Does the words highlighted in red sounds Indian or Chinese???
Buddha's Conception and birth
Siddhartha was born in Lumbini[7] and raised in the small kingdom or principality of Kapilvastu, both of which are in modern day Nepal. Culturally, these can be considered part of the broader region of Ancient India.[8] His father was King Suddhodana[citation needed], the chief of the Shakya nation, one of several ancient tribes in the growing state of Kosala; Gautama was the family name. His mother, Queen Maha Maya (Māyādevī) and Suddhodana's wife, was a Koliyan princess. On the night Siddhartha was conceived, Queen Maya dreamt that a white elephant with six white tusks entered her right side[9], and ten lunar months later Siddhartha was born. As was the Shakya tradition, when his mother Queen Maya became pregnant, she left Kapilvastu for her father's kingdom to give birth. However, she gave birth on the way, at Lumbini, in a garden beneath a sal tree.
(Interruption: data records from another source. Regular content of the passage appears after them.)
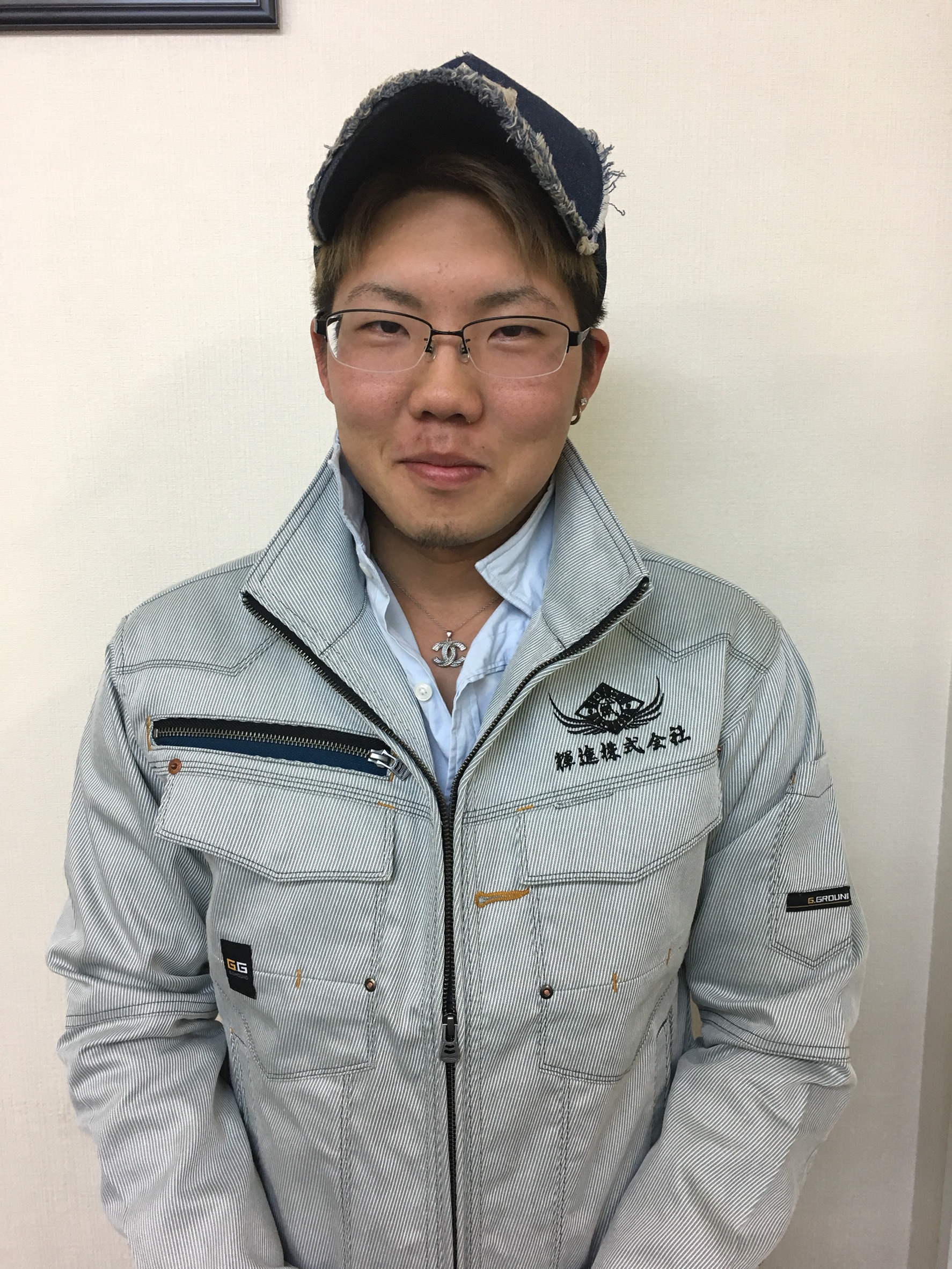 社長から声を掛けて頂き入社いたしました。輝進に入社する前は飲食メーカーに勤めており建築業界は初めてのチャレンジでした。入社当時は体力的にもつらかったです。けど社長や専務、先輩方のサポートのおかげで今では体力も付き率先して仕事をできるようになりました。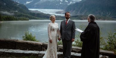 Simple ceremony, you bring your wedding license, a witness if you have one, or I can provide one for you . We can go out to the Mendenhall glacier, Skaters Cabin, or out to Auke Bay to the beach with beautiful mountains as your backdrop. I will provide the champagne, or sparkling cider, your silk flower bouquet and boutonniere, transportation for up to 7 adults, and I will file your official paperwork for you.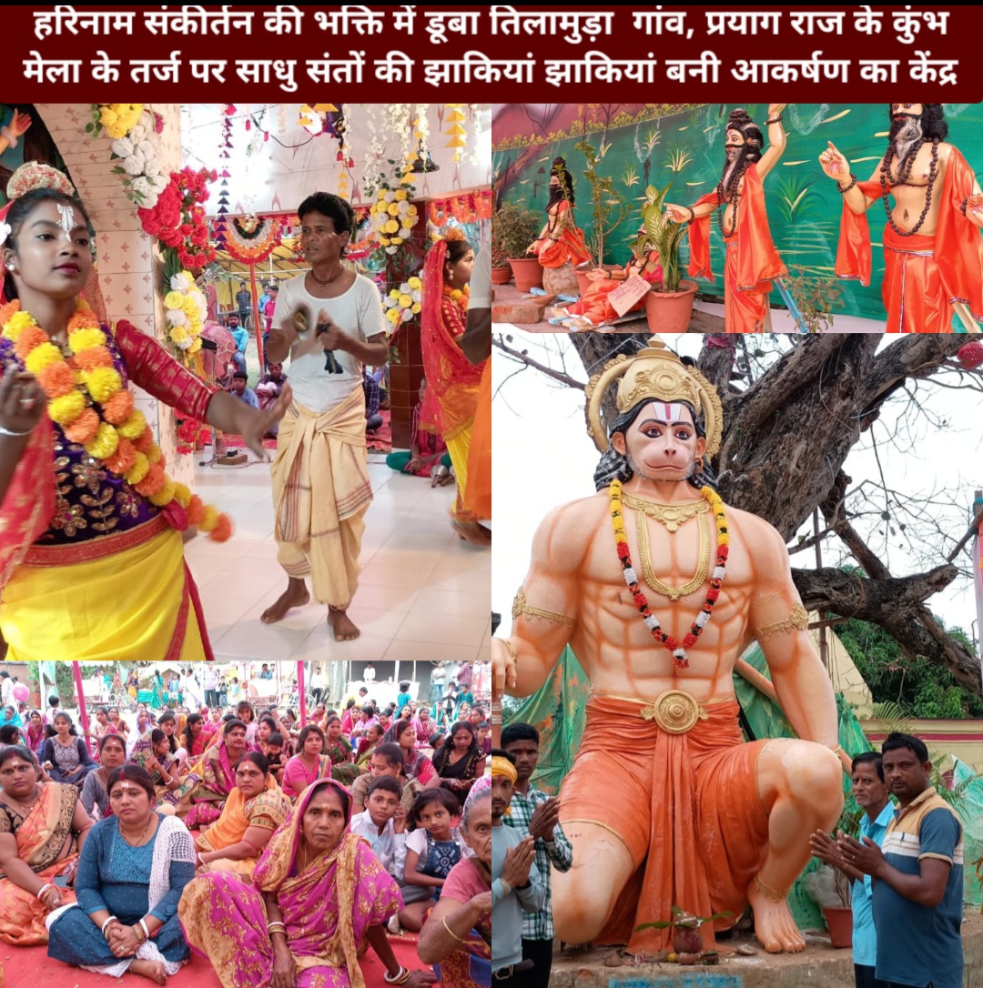 जादूगोड़ा : हरिनाम संकीर्तन से जादूगोड़ा का तिलामुड़ा गांव भक्ति_ भाव में डूब गया है व पूरा गांव।भक्तिमय हो गया हैं।यहां पांच फिट की बनी बजरंग बलि की।मूर्ति,राधा कृष्ण की झाकियां, प्रयागराज के कुंभ मेला की तर्ज साधु _ संतों की झाकियां लोगों के लिए आकर्षण का केंद्र बनी हुई है व लोग गांव के राधा_ कृष्ण मन्दिर की ओर रुख कर रहे हैं ।बांकुड़ा व देवरा ( पश्चिम बंगाल ) से आई महिला कीर्तन मंडली की हरिनाम संकीर्तन करते मनमोहक नृत्य माहौल में समा बांध दिया है।

The day of the Buddha's birth is widely celebrated in Theravada countries as Vesak.[10] Various sources hold that the Buddha's mother died at his birth, a few days or seven days later. The infant was given the name Siddhartha (Pāli: Siddhatta), meaning "he who achieves his aim". During the birth celebrations, the hermit seer Asita journeyed from his mountain abode and announced that the child would either become a great king (chakravartin) or a great holy man. This occurred after Siddhartha placed his feet in Asita's hair and Asita examined the birthmarks. Suddhodarna held a naming ceremony on the fifth day, and invited eight brahmin scholars to read the future. All gave a dual prediction that the baby would either become a great king or a great holy man. Kaundinya (Pali: Kondanna), the youngest, and later to be the first arahant, was the only one who unequivocally predicted that Siddhartha would become a Buddha.[11]
While later tradition and legend characterized Śuddhodana as a hereditary monarch, the descendant of the Solar Dynasty of Ikṣvāku (Pāli: Okkāka), many scholars believe that Śuddhodana was the elected chief of a tribal confederacy.